Would you buy and renovate a property in France? Soaring numbers of borrowers with interest-only mortgages are turning to high-cost equity release pay off mortgage or invest calculator to avoid losing their family home.
Around one million homeowners are lumbered with interest-only mortgages that they don’t know how to repay. With these deals you pay just the interest on a loan and have to repay the capital at the end of your term. The City regulator, the Financial Conduct Authority, has warned of a wave of repossessions in 15 months’ time because many of these borrowers have ignored warnings that they have not planned for a way to pay back what they owe. So in a last-gasp bid to stay in their property, huge numbers are cashing in on the value of their home by using equity release to take out loans worth tens of thousands of pounds.
They then use this money to pay off their interest-only debt. Equity release is a high-cost type of loan that allows homeowners to take a cash lump sum based on the value of their property. An estimated one in three borrowers who took an equity release loan last year did so to pay off mortgage debt, figures from specialists Key Retirement Services reveal. But these equity release deals can be eye-wateringly expensive because borrowers don’t typically repay any interest on the loan, so the debt builds up and can more than double in a decade. The money is typically repaid when the homeowner dies or goes into care and the property is sold. It is clear that paying off interest-only mortgages is a major and growing reason for taking out an equity release loan.

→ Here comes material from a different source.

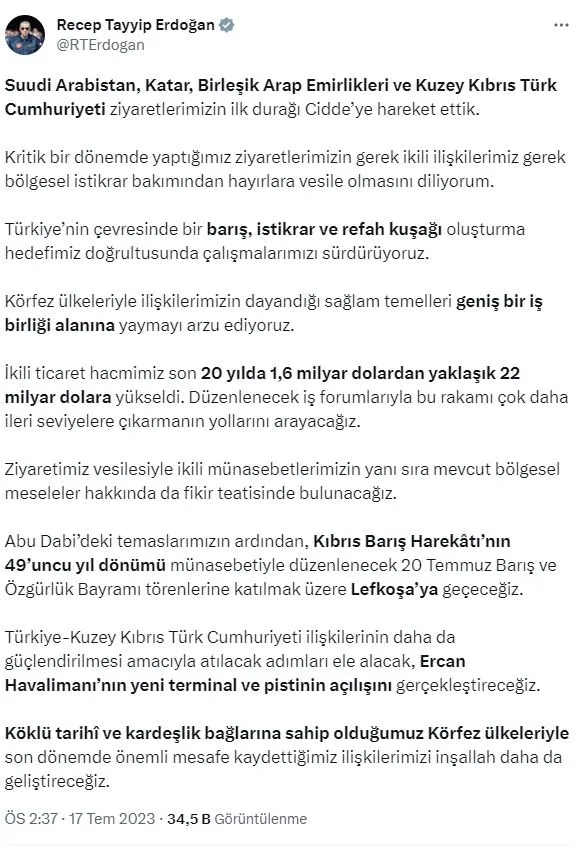 "Suudi Arabistan, Katar, Birleşik Arap Emirlikleri ve Kuzey Kıbrıs Türk Cumhuriyeti ziyaretlerimizin ilk durağı Cidde'ye hareket ettik. Kritik bir dönemde yaptığımız ziyaretlerimizin gerek ikili ilişkilerimiz gerek bölgesel istikrar bakımından hayırlara vesile olmasını diliyorum. Türkiye'nin çevresinde bir barış, istikrar ve refah kuşağı oluşturma hedefimiz doğrultusunda çalışmalarımızı sürdürüyoruz. Körfez ülkeleriyle ilişkilerimizin dayandığı sağlam temelleri geniş bir iş birliği alanına yaymayı arzu ediyoruz. İkili ticaret hacmimiz son 20 yılda 1,6 milyar dolardan yaklaşık 22 milyar dolara yükseldi. Düzenlenecek iş forumlarıyla bu rakamı çok daha ileri seviyelere çıkarmanın yollarını arayacağız. Ziyaretimiz vesilesiyle ikili münasebetlerimizin yanı sıra mevcut bölgesel meseleler hakkında da fikir teatisinde bulunacağız. Abu Dabi'deki temaslarımızın ardından, Kıbrıs Barış Harekâtı'nın 49'uncu yıl dönümü münasebetiyle düzenlenecek 20 Temmuz Barış ve Özgürlük Bayramı törenlerine katılmak üzere Lefkoşa'ya geçeceğiz. Türkiye-Kuzey Kıbrıs Türk Cumhuriyeti ilişkilerinin daha da güçlendirilmesi amacıyla atılacak adımları ele alacak, Ercan Havalimanı'nın yeni terminal ve pistinin açılışını gerçekleştireceğiz. Köklü tarihî ve kardeşlik bağlarına sahip olduğumuz Körfez ülkeleriyle son dönemde önemli mesafe kaydettiğimiz ilişkilerimizi inşallah daha da geliştireceğiz."

And as more and more interest-only loans mature for mortgage prisoners, we expect numbers to increase even further. 3 million homeowners with an interest-only mortgage. This type of loan was popular in the Eighties and Nineties. Those who took one out also typically had to save into an endowment investment policy, which was supposed to pay off the mortgage, plus a bit extra.
But many of these plans failed, leaving borrowers with shortfalls. Others expected a windfall or planned to start saving, but neither happened. Some had planned to re-mortgage at the end of their term but are now finding strict new rules mean banks won’t lend to them. Interest-only borrowers owe the banks billions. An investigation by the Financial Conduct Authority revealed around 600,000 interest-only loans are due to mature before 2020. A further 260,000 have no repayment plan in place whatsoever.